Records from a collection
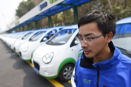 從3月16日起,杭州地鐵1號(hào)線江陵路站大型停車場(chǎng)內(nèi)的“微公交”純電動(dòng)汽車站點(diǎn)正式投入運(yùn)營。這是目前杭州規(guī)模最大的“微公交”平面租賃站,可提供60輛微型純電動(dòng)汽車。杭州從2013年9月起試運(yùn)營“微公交”,目前已有“微公交”純電動(dòng)汽車9851輛。圖為運(yùn)營方一名工作人員站在“微公交”江陵路站內(nèi)。
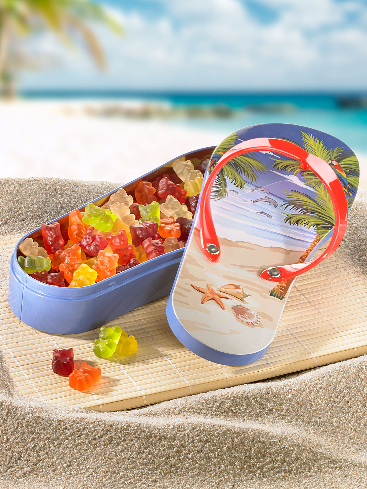 Dieser Flipflop in Dosenform ist die perfekte Überraschung für alle, die z.B. ihren Geburtstag in den warmen Sommermonaten mit einer Gartenparty oder im Urlaub am Meer feiern. Der „Sommerschuh“ kann aber auch in Kombination mit einem Reisegutschein überreicht werden. Gefüllt mit 250 g süßen Fruchtgummi-Bärchen der Hit! Ca. 25 x 10 cm.
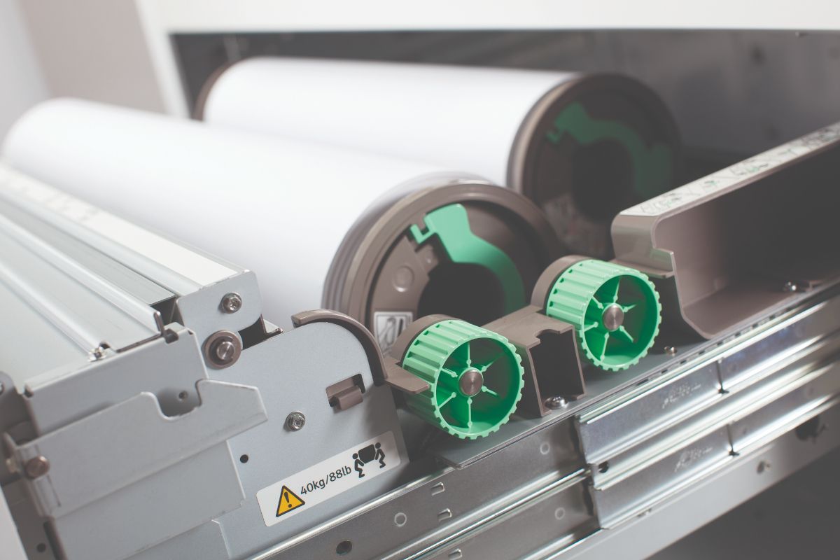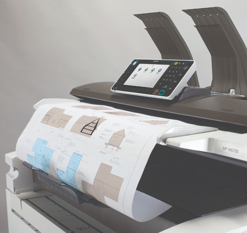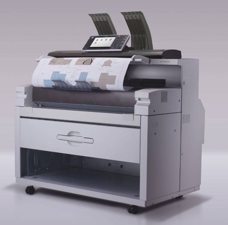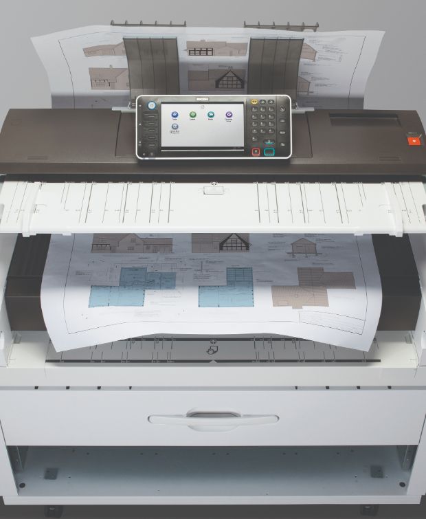 Новая конструкция включает два стандартных рулона бумаги 210 x 914 мм с максимальной длиной 150 000 мм. Рулоны располагаются внутри корпуса аппарата вместе с принтером, копиром и сканером. Это означает, что нет необходимости в дополнительной установке опций.
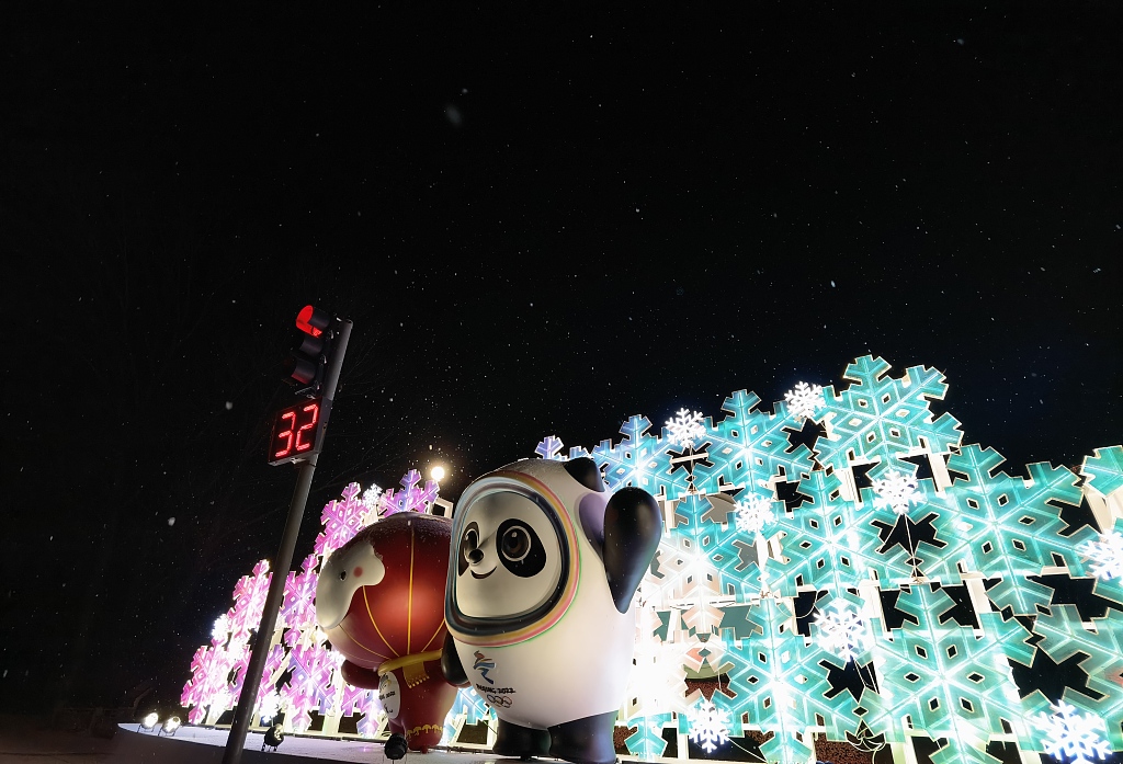 1月20日,北京迎全市范围降雪。雪中的冬奥吉祥物。图片来源:视觉中国
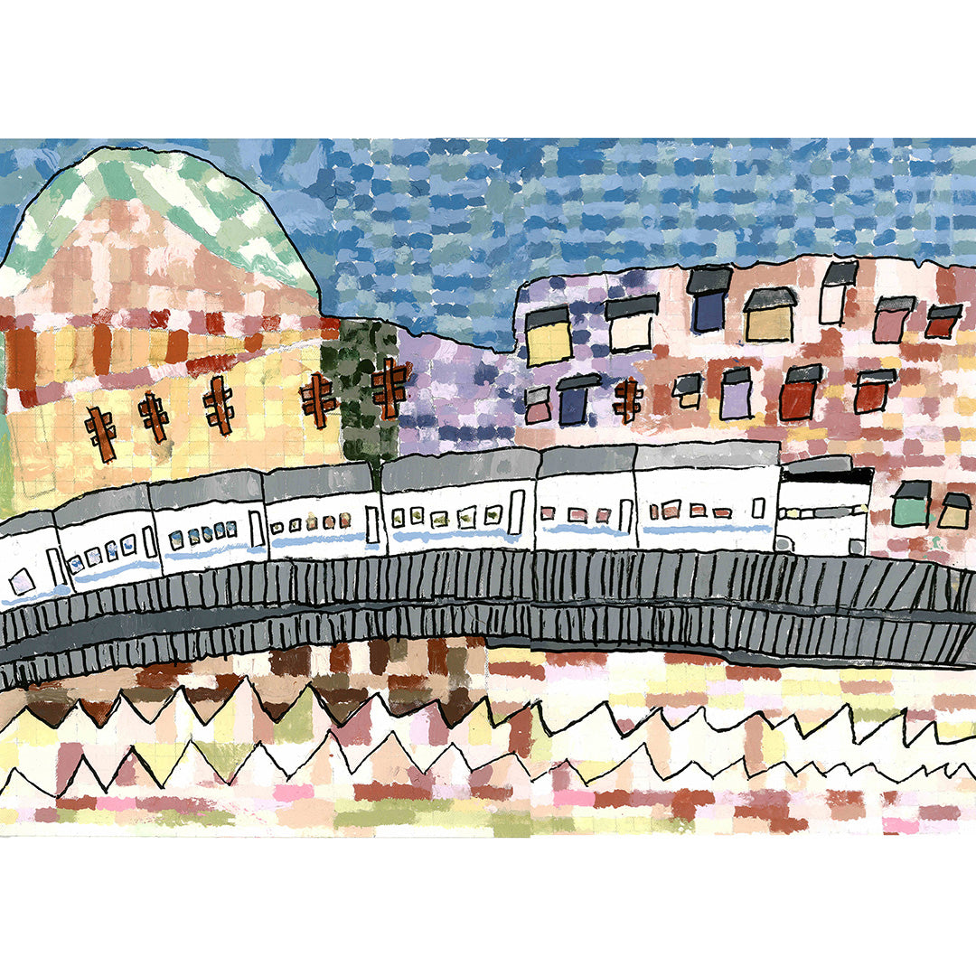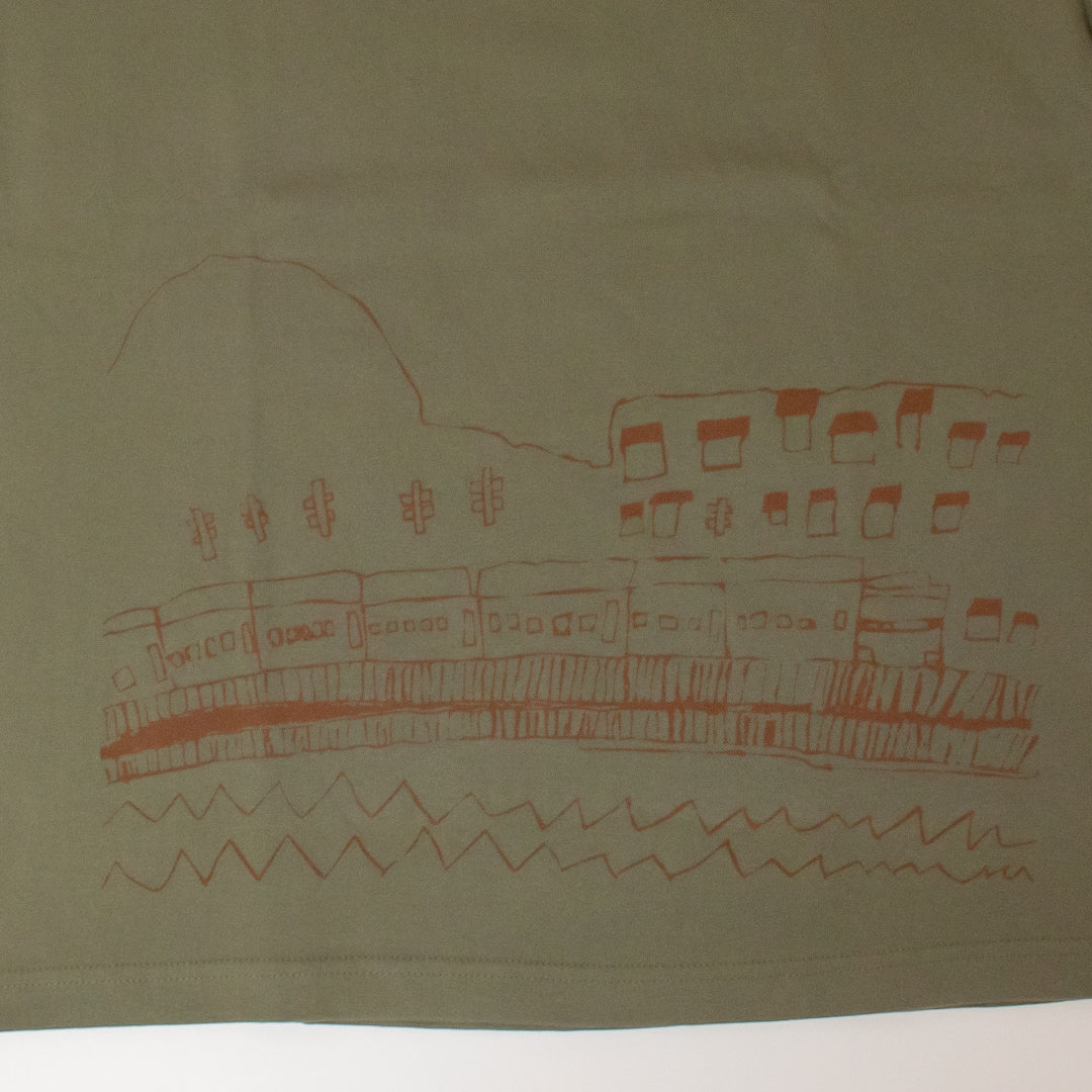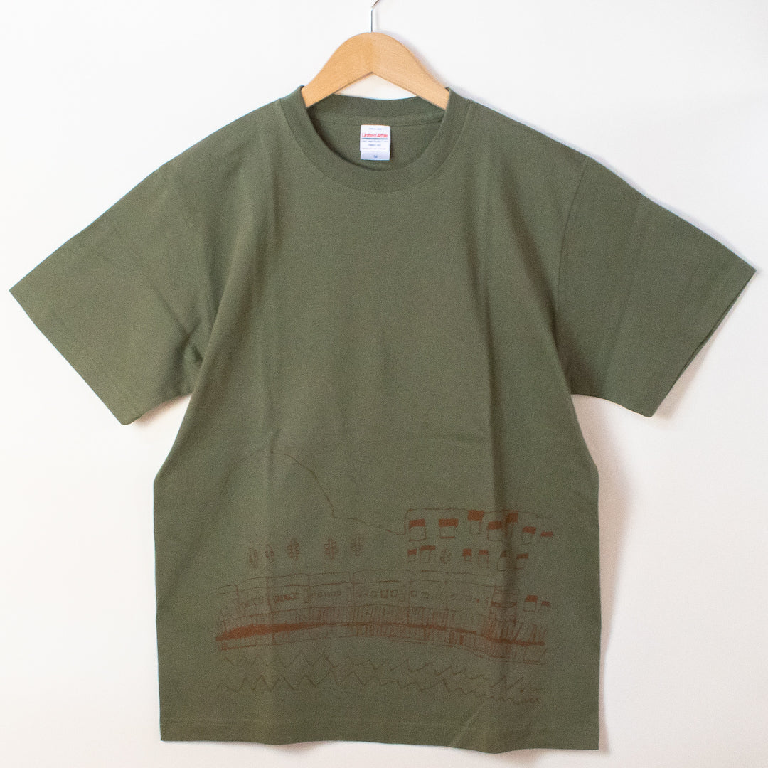 サンダーバードを愛する真理子さんイチオシの景色。琵琶湖と比良山を背景にサンダーバードが走り抜けます。点在する家々や電柱がのどかな景色を引き立てるおしゃれな一枚になりました。Tシャツの下部分にデザインが刷られており、バックプリントも作りましたので、さりげなくアートを身につけたい方にもおすすめです!

*Exercise description*.
Your copy should consist solely of the lines from the line containing "Новая конструкция включает" through the last line of the records above, reproduced exactly, with the pictures left out.

*Output of the task*.
 Новая конструкция включает два стандартных рулона бумаги 210 x 914 мм с максимальной длиной 150 000 мм. Рулоны располагаются внутри корпуса аппарата вместе с принтером, копиром и сканером. Это означает, что нет необходимости в дополнительной установке опций.
 1月20日,北京迎全市范围降雪。雪中的冬奥吉祥物。图片来源:视觉中国
 サンダーバードを愛する真理子さんイチオシの景色。琵琶湖と比良山を背景にサンダーバードが走り抜けます。点在する家々や電柱がのどかな景色を引き立てるおしゃれな一枚になりました。Tシャツの下部分にデザインが刷られており、バックプリントも作りましたので、さりげなくアートを身につけたい方にもおすすめです!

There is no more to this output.